Резко говорил боярин, но с достоинством, мудро — такова ныне Гора, такова и вся Русь.
— Мы пойдем за тобой, — продолжал Воротислав, — есть на свете Византия, но есть и Русь; в Константинополе сидит император, а в городе Киеве ты князь и наш василевс; они похваляются своими законами, а у нас свой, русский покон; но, видно, надо утверждать и новые законы. Не так ли я говорю, бояре и воеводы? — обернулся Воротислав к стоявшим в Золотой палате мужам.
— Так, боярин Воротислав, так! — подтвердила палата. — И о вере, о христианах скажи…
— И о вере скажу, мужи, — закончил Воротислав. — Впрочем, о чем говорить? Мы уже христиане, княже!
5
В эту ночь князь Владимир спать не ложился. На какую-то минуту он зашел к Рогнеде — ей, своей жене, он хотел поведать думы, тревожившие душу и не дававшие спать.
Однако беседа длилась недолго. Трудно ей было понять, что требовало от князя боярство, какие помыслы тревожили Владимира — Рогнеда опять, в который уже раз, столкнулась с собственным горем, разрывавшим на части ее сердце…
— Снова брань, — жаловалась она. — Как быстро миновали мир и покой, как внезапно все это случилось.
Склонив голову мужу на грудь, она тихо, беззвучно заплакала.
— Перестань, Рогнеда, — сказал он сурово, даже черство. — Не плачь, к чему тут слезы? Императоры ромеев оскорбили киевского князя, обидели и унизили всю Русь…
О, княгиня Рогнеда тотчас подняла голову. Честь мужа Владимира — ее честь, поношение Руси — одновременно и ее поношение.
— Коли так, — промолвила Рогнеда и утерла на щеках слезы, — поезжай, муж мой…
— Я должен стать равным императорам, — говорил Владимир, — а Русь поставить наравне с Византией.
— Иди, супруг мой!
— Должен утвердить в Руси новый закон!
— Утверждай, княже!
— Ты не плачь, не горюй, каким уезжаю, таким и вернусь, Рогнеда!
— Верю, Владимир! Этим и живу! Благословляю и молюсь за тебя…
Звезды плыли за окнами по своим извечным орбитам, ветви деревьев стояли на страже за стенами; у самой груди Владимира билось родное ему сердце, в эту пору ночи, в такую минуту, оставшись наедине, они должны были говорить откровенно, искренне, и Рогнеда сказала все, что думала.
И князь Владимир, казалось, сказал ей все — да, снова поход, снова брань, разлука…
У Перевесищанских ворот поджидал князя Владимира воевода Волчий Хвост.
— Я сделал все, как ты повелел, княже… Кони готовы, во дворе над Стугной нас ждут, можем ехать.

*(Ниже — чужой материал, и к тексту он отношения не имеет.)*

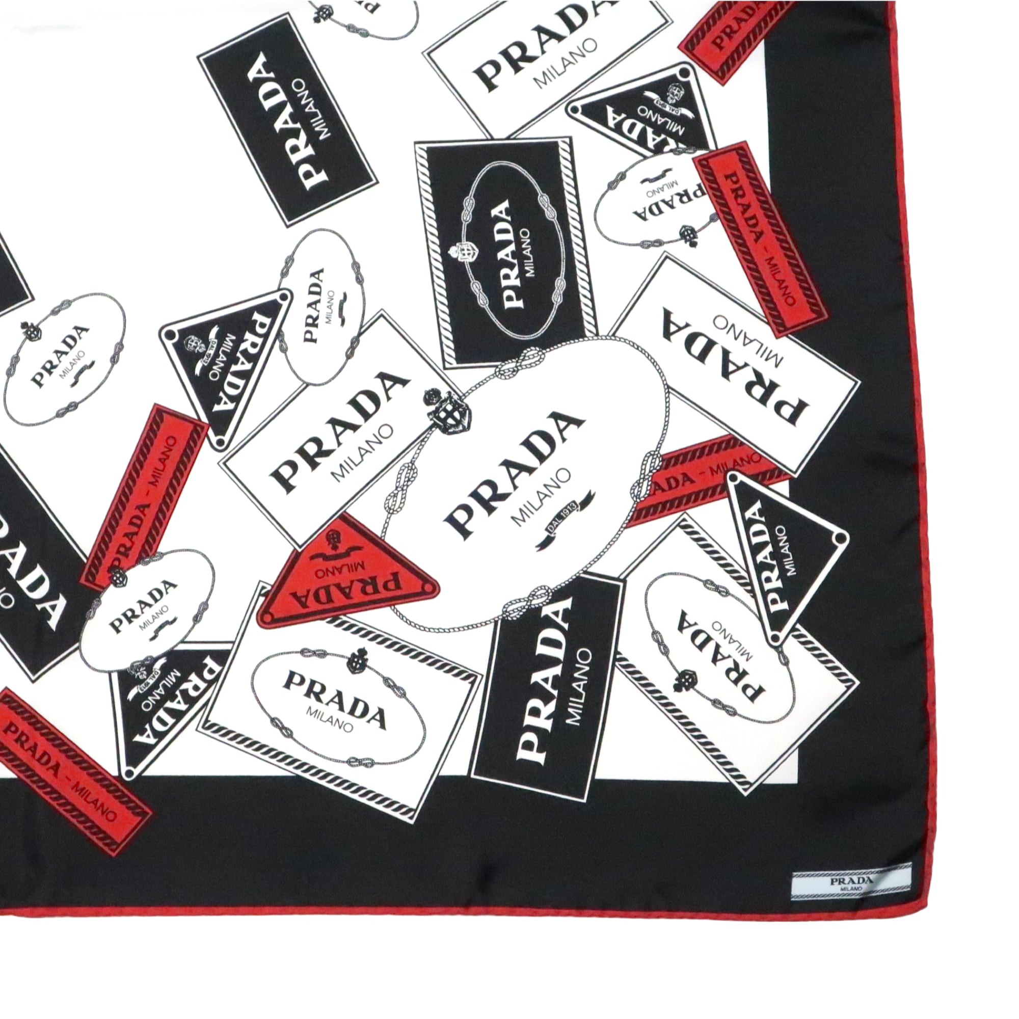 プラダ PRADA/スカーフ カレ90 トライアングルロゴ ブランドタグ ブラック ホワイト レッド プレート 大判 シルク【中古】【S227】

— Воевода! О том, что мы делаем, никто не должен знать.
— Я твой слуга, княже.
— Вот и поедем.
Воевода мчался впереди, он хорошо знал дорогу к Стугне, на берегу которой был княжий, а рядом и его собственный двор. Князь, глубоко задумавшись, молча скакал за ним.
«Жаль, — думал князь, — что не поговорил с Рогнедой. Впрочем, что может она мне посоветовать — где нужен разум, на сердце полагаться опасно…
Ни боярам, ни воеводам не могу о том поведать, ибо поступаю так не потому, что они желают, а сама жизнь принуждает меня».
Кони мчались среди черной ночи все быстрей и быстрей.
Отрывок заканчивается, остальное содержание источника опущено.